Because of its high purchase price, most customers rented the system. The MT/ST became obsolete in the 1970s, when it was displaced by floppy disk-based systems. IBM discontinued support in 1983.

==Users==
IBM's largest German customer, Allianz, used MT/ST to produce form letters based on prewritten text. "14 23 56", for example, was the "Death Tape", a letter of condolences that requested documents from survivors of the deceased and promised prompt insurance claim processing.

The first novel to be written on a word processor, Len Deighton's 1970 Second World War historical novel Bomber, about an RAF Bomber Command raid over Germany, was written on the MT/ST.

The MT/ST was also used as a data entry device for early issues of the RILM Abstracts scholarly publication at the City University of New York Graduate Center. Cartridges created on the MT/ST were read by an IBM 2495 Tape Cartridge Reader onto an IBM System/360 mainframe for further processing before being sent to be printed.

==MT/SC==
The IBM MT/SC (Magnetic Tape Selectric Composer) appeared in 1967. It is an output device which plays back tapes recorded and edited on the MT/ST. It is physically similar to the MT/ST, but its tape unit has only one tape reader. Built into the desk, instead of the Selectric typewriter, is an IBM Selectric Composer, previously an unautomated device. It uses typeballs similar to but not interchangeable with those of the Selectric, with three type sizes (10, 12, and 15 characters per inch), fractional interword spacing, bold, italic (but not bold italic), and a variety of serif and sans-serif typefaces, such as Bodoni, Univers, Times Roman, and the like. It produces fully justified, camera-ready output, but the manual version requires that each line be typed twice, once to calculate the size of the precise interword spaces and a repeat typing to precisely insert them.

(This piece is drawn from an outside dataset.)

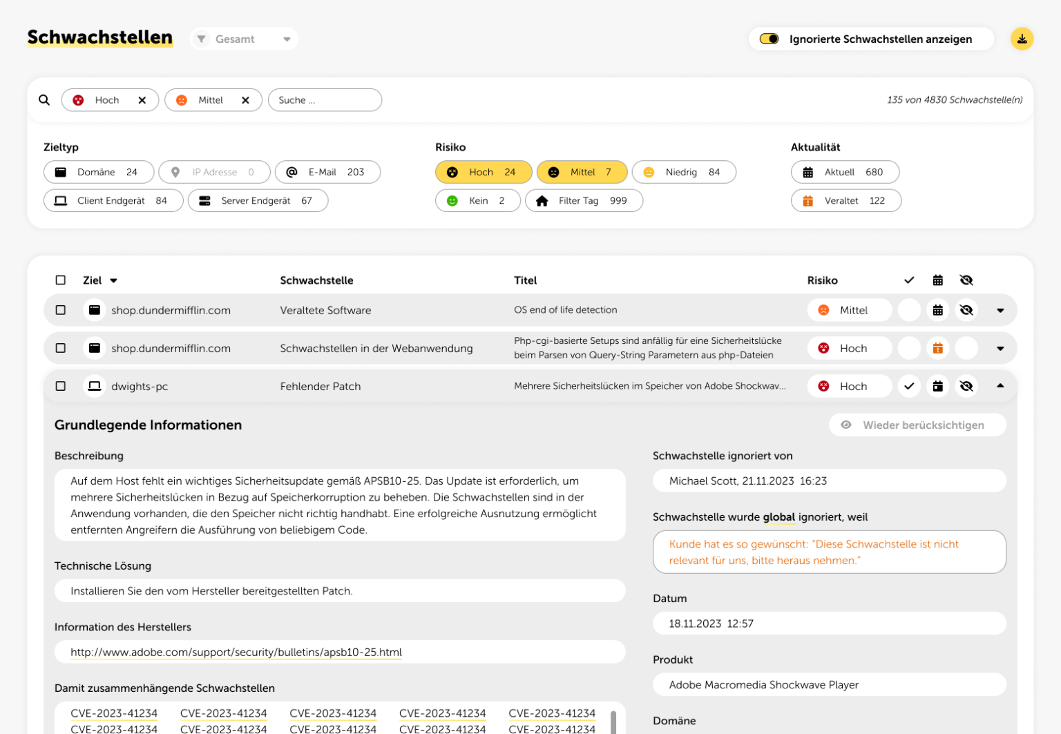 Im Menüpunkt „Schwachstellen“ gibt es eine Auflistung aller gefundenen Schwachstellen mit den jeweiligen Detailinformationen: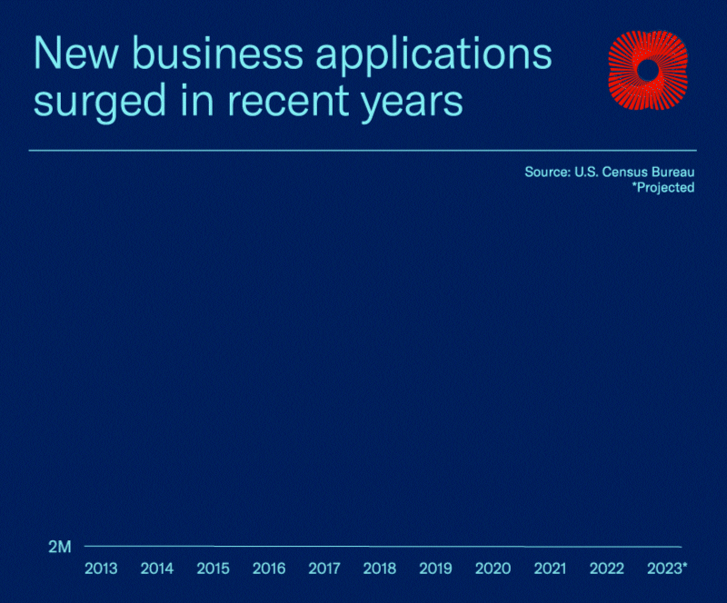The surge in entrepreneurship has continued through 2022 and 2023. The total number of new business applications for 2023 is projected to be even higher at 5.5 million.

The MT/SC automates the Composer, and it prints at approximately the speed of the Selectric typewriter, automating the interword spaces and thus justifying the output. The MT/ST and MT/SC combination (two machines) put the rapid production of camera-ready copy, for the first time, within the budget of a small to medium-sized publisher. However, the need to stop the Composer twice whenever a typeface was changed or italic is used (once to change it and again to change it back), sometimes multiple times in the same sentence, can significantly slow down the procedure. The choice of element to be changed—which typeball would be installed—is manual and uses information given to the operator but not encoded in the data stream. Like a typesetter, for example, the operator needs to know that titles are italicized.

The logic of the MT/SC is implemented by an electronic microprogrammed controller.

==IBM 2495 Tape Cartridge Reader==
The IBM 2495 Tape Cartridge Reader allows input from tapes created on the MT/ST to a System/360. The 2495 has a hopper and a stacker that can hold up to twelve tapes. The autoloader loads a cartridge in five seconds, and reads or rewinds at 900 characters per second. It attaches to a System/360 Model 30, 40, or 50 via a multiplexor channel. The OS/360 utility IEBTCRIN was used to read data from the 2495.